The authors use few-shot prompting to evaluate the performance of Llama 3.3 70B on chemical weapons tasks using prompt-output pairs from Claude 3.5 Sonnet. Results show that increasing the number of shots leads to modest improvements in performance, with the best anchored comparison APGR of 17.5% achieved at 20 shots, but the gains are weak and do not scale consistently.

The authors use a stacked bar chart to compare the self-consistency of different large language models when evaluating the same response pairs.

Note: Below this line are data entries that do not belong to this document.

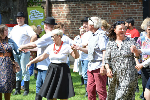 Schon der Auftakt war fulminant: Gleichzeitig hielten das Theater Vorpommern – in prächtigen Romeo-und-Julia-Kostümen – sowie die Folkloregrupp „Ina“ aus Greifswalds Partnerstadt Goleniów Einzug. Nebenbei übte der Kinderchor auf einer Picknickdecke noch mal für seinen Auftritt. Letzte Vorbereitungen an den Info-Ständen wurden getroffen und erste Kuchenstücke verzehrt.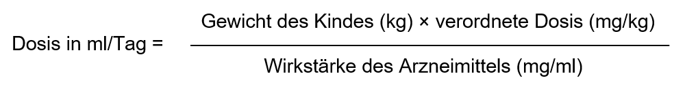 Dosierung (entsprechende Dosis in ml/Tag) |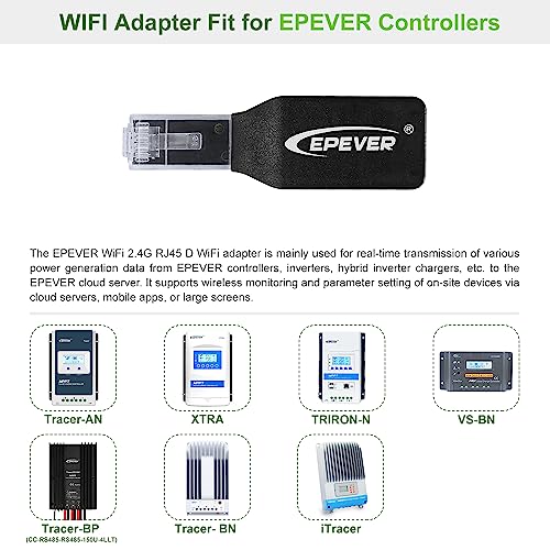 ☆ (EPEVER-WiFi-2.4G-RJ45-D) supporta il monitoraggio locale e la modalità di funzionamento "EPEVER Cloud". (Nota: attualmente c'è un bug nell'APP, caricheremo un video elenco su come utilizzare l'adattatore WiFi tramite la modalità di rete WiFi 2.4G dopo che l'APP è stata risolta)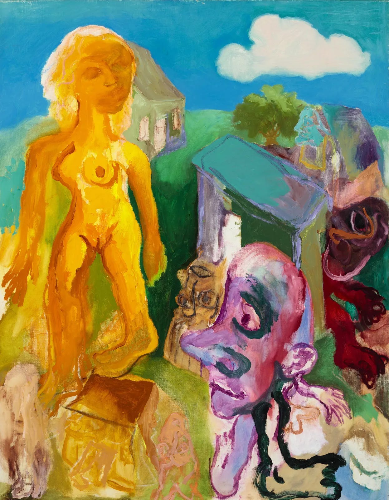 Kiff’s work features a recurring cast of “relational” symbols that act out psychic dramas across his canvases. Central to this iconography is the “Little Man” (or “The Pilgrim”), a naked, round-headed figure who serves as a proxy for Kiff himself. This figure is frequently depicted making his way through a world of marvels and dismay, occasionally beset by ominous forces. In contrast, the “Radiant Woman” (or “Goddess”) appears as an elemental and monumental figure, symbolising luminosity and power. These figures often appear as goddesses or earth nymphs, functioning as structural anchors that stabilise the painting’s composition through their vibrant pigment. This symbolic language extends to the anthropomorphic landscape, where sentient environments feature houses, stellar bodies and natural elements imbued with human qualities.
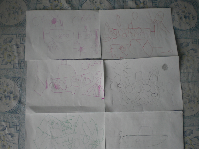 Перед испытаниями мы смотрели презентацию с найденными в сети картинками-изображениями и фотографиями батискафов и сделали технические эскизы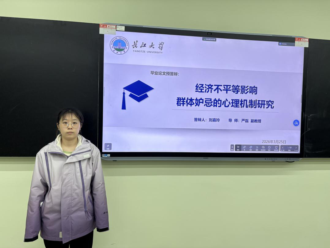 其次,刘嘉玲同学进行了毕业论文预答辩,其论文题目为《经济不平等影响群体妒忌的心理机制研究》。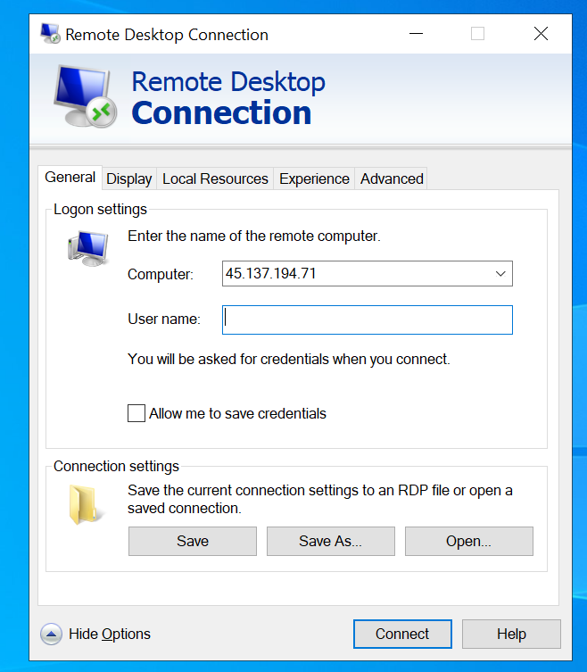 In Remote Desktop Connection, type 45.137.194.71, input the user name an password we provide, and then select Connect.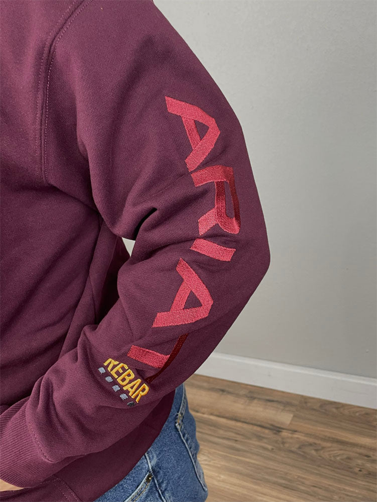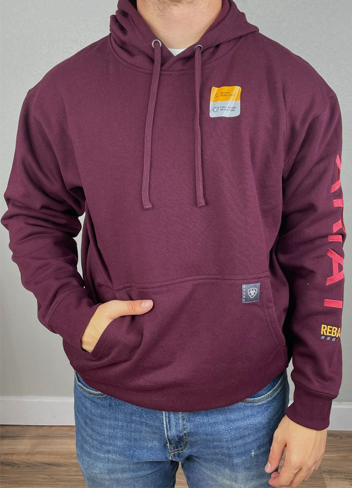 This Ariat Rebar hoodie delivers dependable warmth and durability with its deep burgundy color, water-repellent finish, and bold sleeve branding perfect for work, weekends, and staying comfortable in any weather.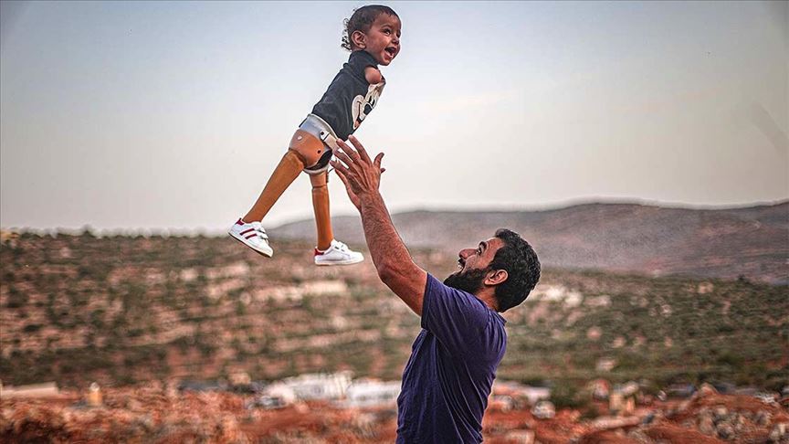 Doğuştan bacakları ve kolları olmayan 15 aylık Muhammed bebek, Türkiye'deki ilgili kuruluşların gözetiminde geçirdiği 7 haftalık adaptasyon sürecinin ardından protez bacaklarıyla İdlib'de sığındıkları çadırlarına geri döndü.

The chart shows that Gemini 2.5 Pro and Llama 4 Maverick achieve the highest levels of agreement, with the majority of their evaluations falling into the "Full Agreement" and "Partial Agreement" categories. In contrast, Claude 3.5 Sonnet and Gemini 2.0 Flash show lower consistency, with a larger proportion of their evaluations categorized as "Minor Disagreement" or "Major Disagreement."

The authors use elicitation attacks to fine-tune open-source models on outputs from a frontier model, achieving substantial performance gap recovery on chemical weapons tasks. Results show that fine-tuning on frontier model outputs consistently outperforms both textbook-only and weak-only baselines across all models and evaluation metrics, with the largest uplift observed for Llama 3.3 70B.

The authors use a fine-tuned Llama 3.3 70B model to evaluate the performance of elicitation attacks on specific chemical synthesis tasks, measuring the recovery of the performance gap between the weak model and a frontier model. Results show that the model's performance varies significantly across tasks and subgoals, with the highest recovery observed for Task 3 (39.3 ± 14.3) and Task 6 (43.7 ± 18.6), while Task 7 shows a lower recovery rate (4.0 ± 3.1) for Subgoal 1.

The authors use a rubric evaluation to assess model responses on chemical tasks, measuring the presence of technical keywords. The data shows that longer responses from both Llama 3.3 70B and Claude 3.5 Sonnet generally achieve higher rubric scores, with a positive correlation between response length and score across all queries. The relationship is statistically significant in most cases, as indicated by the regression lines and R² values, suggesting that response length is a confounding factor in rubric-based evaluations.